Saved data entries
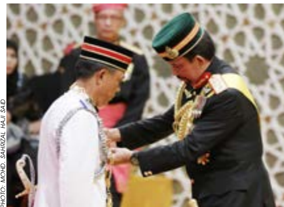
One of the awarded recipients of Brunei Darussalam's State Decorations and Honorary Medals from His Majesty The Sultan and Yang Di-Pertuan of Brunei Darussalam.

BANDAR SERI BEGAWAN, July 15 - In conjunction with the 66 th birthday anniversary of His Majesty The Sultan and Yang Di-Pertuan of Brunei Darussalam, 52 people were awarded with Brunei Darussalam's State Decorations and Honorary Medals at the Audience and Investiture ceremony.
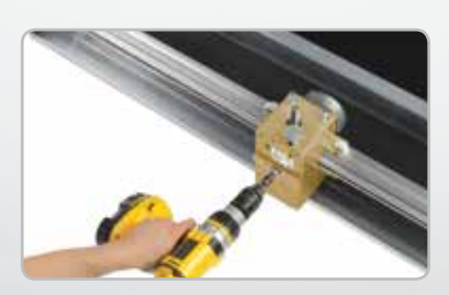
Clipper<sup>®</sup> Wire Hook Fastening Systems
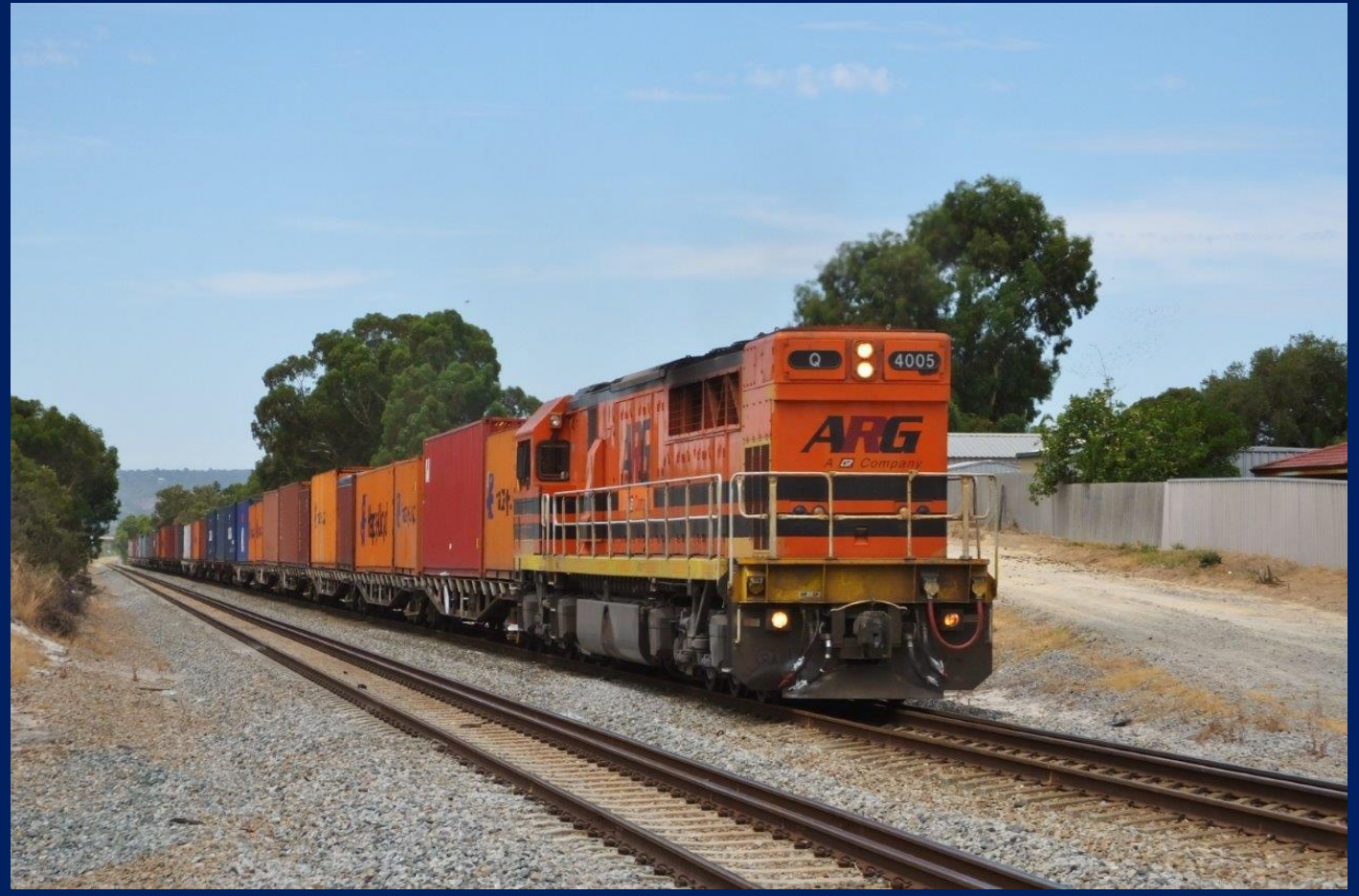
Q4005 on 4144 container train at Thornlie January 21st.
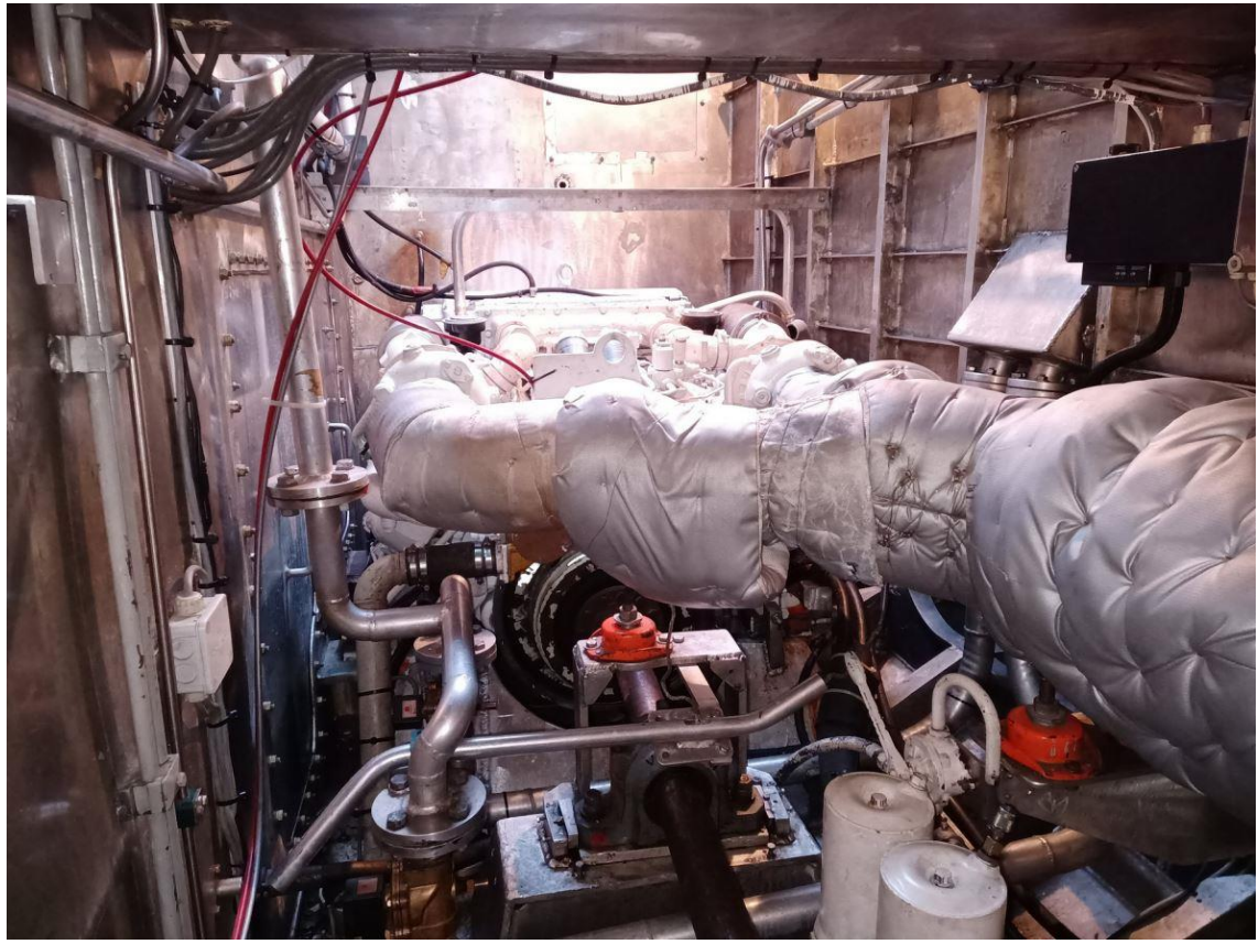
© Damen Trading & Chartering (DT&C). Unauthorized use and/or duplication of this material without express and written permission from DT&C is strictly prohibited. Excerpts and links may be used, provided that full and clear credit is given to DT&C with appropriate and specific direction to the original content.
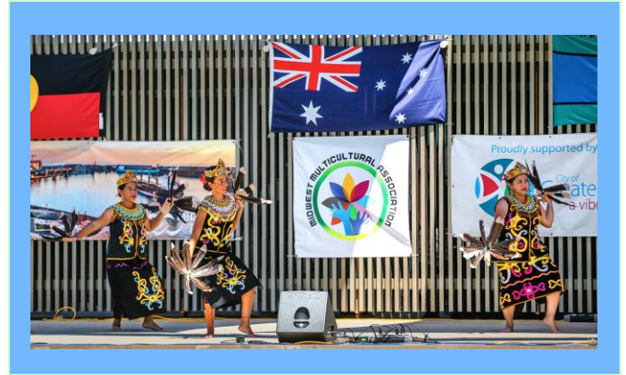
Geraldton Indonesian Group
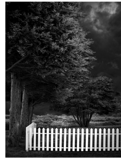
White Fence and Trees
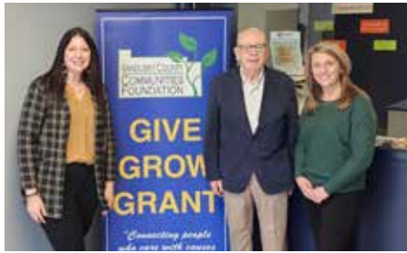
MATT MCCABE MEMORIAL FUND Established January 2024

The Matt McCabe Memorial Fund seeks to support students at Sandusky County Schools and Colleges in easing the required costs of non-classroom experiences. The fund will provide money to education institutions to allocate to students in need.

**EXERCISE INSTRUCTIONS**
In your copy, include every record word for word but no pictures.

**EXERCISE SOLUTION**
One of the awarded recipients of Brunei Darussalam's State Decorations and Honorary Medals from His Majesty The Sultan and Yang Di-Pertuan of Brunei Darussalam.

BANDAR SERI BEGAWAN, July 15 - In conjunction with the 66 th birthday anniversary of His Majesty The Sultan and Yang Di-Pertuan of Brunei Darussalam, 52 people were awarded with Brunei Darussalam's State Decorations and Honorary Medals at the Audience and Investiture ceremony.
Clipper<sup>®</sup> Wire Hook Fastening Systems
Q4005 on 4144 container train at Thornlie January 21st.
© Damen Trading & Chartering (DT&C). Unauthorized use and/or duplication of this material without express and written permission from DT&C is strictly prohibited. Excerpts and links may be used, provided that full and clear credit is given to DT&C with appropriate and specific direction to the original content.
Geraldton Indonesian Group
White Fence and Trees
MATT MCCABE MEMORIAL FUND Established January 2024

The Matt McCabe Memorial Fund seeks to support students at Sandusky County Schools and Colleges in easing the required costs of non-classroom experiences. The fund will provide money to education institutions to allocate to students in need.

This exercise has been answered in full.